When vacation-goers booked flights with Hawaiian Airlines last spring, they were surprised to find that their tickets — which were intended to be free award flights — actually cost tens of thousands of dollars. The culprit of this was a faulty airline booking application that accidentally charged customer accounts in dollars instead of airline miles. A ticket that was supposed to be redeemed for 674,000 miles turned into a sky-high price of $674,000 USD!
This is yet another example of the impact that poor data quality can have, sometimes with these types of embarrassing results. The value of a company can be measured by the performance of its data; however, data quality often carries heavy costs in terms of financial, productivity, missed opportunities and reputational damage.
The Financial Cost of Data Quality
Erroneous decisions made from bad data are not only inconvenient but also extremely costly. According to Gartner research, “the average financial impact of poor data quality on organizations is $9.7 million per year.” IBM also discovered that in the US alone, businesses lose $3.1 trillion annually due to poor data quality.
Data Quality’s Cost to Productivity
This all goes beyond dollars and cents. Bad data slows employees down so much so that they feel their performance suffers. For example, every time a salesperson picks up the phone, they rely on the belief that they have the correct data – such as a phone number – of the person on the other end. If they don’t, they’ve called a person that no longer exists at that number, something that wastes more than 27 percent of their time.
Accommodating bad data is both time-consuming and expensive. The data needed may have plenty of errors, and in the face of a critical deadline, many individuals simply make corrections themselves to complete the task at hand.
Data quality is such a pervasive problem, in fact, that Forrester reports that nearly one-third of analysts spend more than 40 percent of their time vetting and validating their analytics data before it can be used for strategic decision-making.
The crux of the problem is that as businesses grow, their business-critical data becomes fragmented. There is no big picture because it’s scattered across applications, including on-premise applications. As all this change occurs, business-critical data becomes inconsistent, and no one knows which application has the most up-to-date information.
These issues sap productivity and force people to do too much manual work. The New York Times noted that this can lead to what data scientists call ‘data wrangling’, ‘data munging’ and ‘data janitor’ work. Data scientists, according to interviews and expert estimates, spend from 50 percent to 80 percent of their time mired in this more mundane labor of collecting and preparing unruly digital data, before it can be explored for useful nuggets.
Data Quality’s Reputational Impact
Poor data quality is not just a monetary problem; it can also damage a company’s reputation. According to the Gartner report Measuring the Business Value of Data Quality, organizations make (often erroneous) assumptions about the state of their data and continue to experience inefficiencies, excessive costs, compliance risks and customer satisfaction issues as a result. In effect, data quality in their business goes unmanaged.
The impact on customer satisfaction undermines a company’s reputation, as customers can take to social media (as in the example at the opening of this article) to share their negative experiences. Employees too can start to question the validity of the underlying data when data inconsistencies are left unchecked. They may even ask a customer to validate product, service, and customer data during an interaction — increasing handle times and eroding trust.
Case Study: Poor Data Quality at a Credit Card Company
Every time a customer swipes their credit card at any location around the world, the information reaches a central data repository. Before being stored, however, the data is analyzed according to multiple rules, and translated into the company’s unified data format.
With so many transactions, changes can often fly under the radar:
- A specific field is changed by a merchant (e.g., field: “brand name”).
- Field translation prior to reporting fails, and is reported as “null”.
- An erroneous drop in transactions appears for that merchant’s brand name.
- A drop goes unnoticed for weeks, getting lost in the averages of hundreds of other brands they support.
Setting back the data analytics effort, the data quality team had to fix the initial data and start analyzing again.
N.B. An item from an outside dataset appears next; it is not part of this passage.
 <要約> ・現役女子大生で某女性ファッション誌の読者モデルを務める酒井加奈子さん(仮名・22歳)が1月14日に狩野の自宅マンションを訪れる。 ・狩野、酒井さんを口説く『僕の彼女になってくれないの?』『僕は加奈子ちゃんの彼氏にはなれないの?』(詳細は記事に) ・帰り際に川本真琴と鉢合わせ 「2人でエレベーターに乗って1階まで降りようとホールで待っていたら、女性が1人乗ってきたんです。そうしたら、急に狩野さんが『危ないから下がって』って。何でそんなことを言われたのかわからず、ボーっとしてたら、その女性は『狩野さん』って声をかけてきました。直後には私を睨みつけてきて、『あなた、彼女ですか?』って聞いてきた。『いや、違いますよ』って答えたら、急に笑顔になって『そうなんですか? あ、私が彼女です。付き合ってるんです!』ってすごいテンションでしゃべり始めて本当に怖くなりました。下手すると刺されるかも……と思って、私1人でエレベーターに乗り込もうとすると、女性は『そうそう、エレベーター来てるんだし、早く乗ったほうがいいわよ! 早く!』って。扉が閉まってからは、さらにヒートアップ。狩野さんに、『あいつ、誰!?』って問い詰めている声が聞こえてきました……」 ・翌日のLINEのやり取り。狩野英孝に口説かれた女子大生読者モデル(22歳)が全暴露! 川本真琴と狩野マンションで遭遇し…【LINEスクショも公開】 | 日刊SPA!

In the meantime, the company was pursuing misguided business strategies – costing lost time for all teams, damaging credibility for the data analytics team, adding uncertainty as to the reliability of their data and creating lost or incorrect decisions based on the incorrect data.
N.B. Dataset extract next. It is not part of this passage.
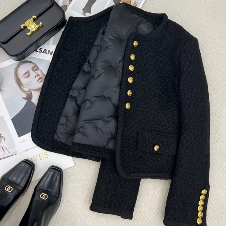 Áo khoác ngắn dành cho nữ, có lớp lót bông ấm áp, phù hợp cho mùa lạnh. Kiểu dáng theo phong cách trẻ trung, hiện đại với điểm nhấn là chi tiết phụ kiện kim loại tinh tế. Chất liệu dệt thô mang đến vẻ ngoài thanh lịch, dễ phối đồ. Sản phẩm mặc kèm áo thun hoặc áo len bên trong, kết hợp cùng quần jeans hoặc váy để tạo nên những bộ trang phục hàng ngày. | Tên sản phẩm: Áo Khoác Nữ Chất Liệu Vải Bông Họa Tiết Hoa Hàng Mùa Xuân Thu Đông - Thời Trang Nữ | Mã sản phẩm: K2670 - Giá: 850.000đ | Mã nhà sản xuất: SHREIA-G03Hình ảnh sản phẩm
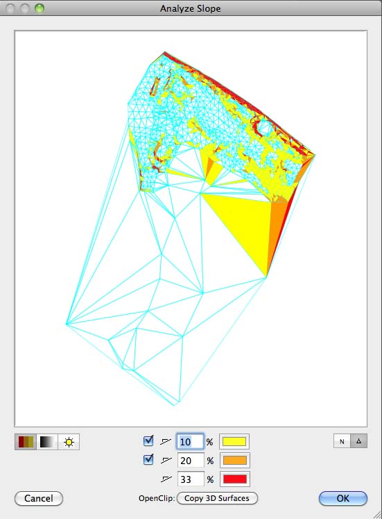 How It Works OpenClip works ‘behind the scenes’ and requires no action on the part of the user. Whenever you choose Cut or Copy, OpenClip will place the drawing objects on the clipboard in the OpenClip format. Other programs that have their own OpenClip plug-ins can then Paste into their program. OpenClip also works on Paste but requires that other programs put objects on the pasteboard (same as 'clipboard') along with several others that PowerCADD puts there. In addition, it also writes a file out to the path /Library/Application Support/OpenClip/OpenClip which we will call the OpenClip path. This allows you to see that something has happened, and to look at the file with the OpenClip Viewer app if you're really interested in knowing more about this. A normal Cut or Copy places 2D objects on the pasteboard. You can press the Option key while selecting Cut or Copy and OpenClip will do a place 3D objects on the pasteboard. This means that objects with a Z height created by TopoTools or Paolo Rossi’s Topography Tools will be copied as 3D objects and can be pasted as 3D objects in a 3D program. In addition, in TopoTools, the dialogs for Analyze Topo/Find Contours and Analyze Topo/Analyze Slope have options to copy 3D surfaces and topo contours as 3D objects which can be pasted into a 3D program. For example, in TopoTools and Analyze Topo/Analyze Slope, you can go from this...

Anodot’s AI-Powered Analytics solution automatically learns normal behavior for each data stream, flagging any abnormal behavior. Using Anodot, changes leading to issues such as null fields would be immediately alerted on, so that it could be fixed. This prevents wasted time and energy and ensures that decisions are made based on the complete and correct data.
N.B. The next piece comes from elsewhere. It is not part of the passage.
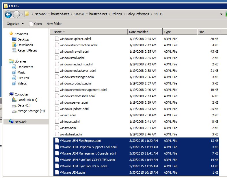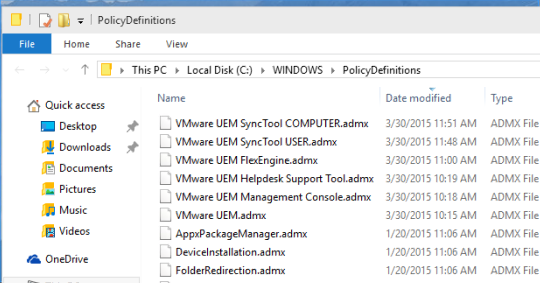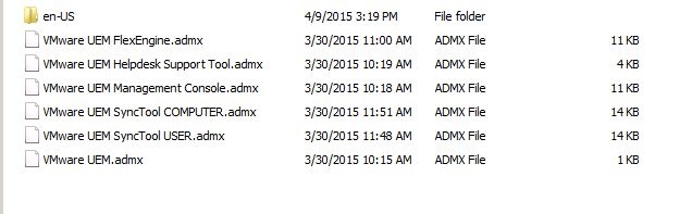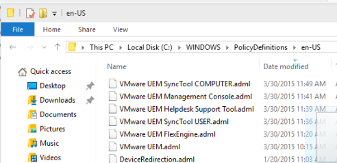 Now that we have our UEM file shares created we can import the ADMX files required for UEM.  As I mentioned earlier, UEM relies on Microsoft Group Policy to apply and save settings.   The templates are provided as ADMX files which must be installed into the central Active Directory policy store.   There are six .admx and corresponding .adml files located in the installation files “Administrative Templates (ADMX)” folder.

Applying Autonomous Business Monitoring to Ensure Good Data Quality
Reducing the causes of poor data is crucial to stopping the negative impact of bad data. An organization’s data quality is ultimately everyone’s business, regardless of whether or not they have direct supervision over the data.
Artificial Intelligence can be used to rapidly transform vast volumes of big data into trusted business information. Machine learning can automatically learn your data metrics’ normal behavior, then discover any anomaly and alert on it. Anodot uses machine learning to rapidly transform vast volumes of critical data into trusted business information.
Data scientists, business managers and knowledge workers alike all have a responsibility to implement the best tools to ensure that false data doesn’t impact critical decisions.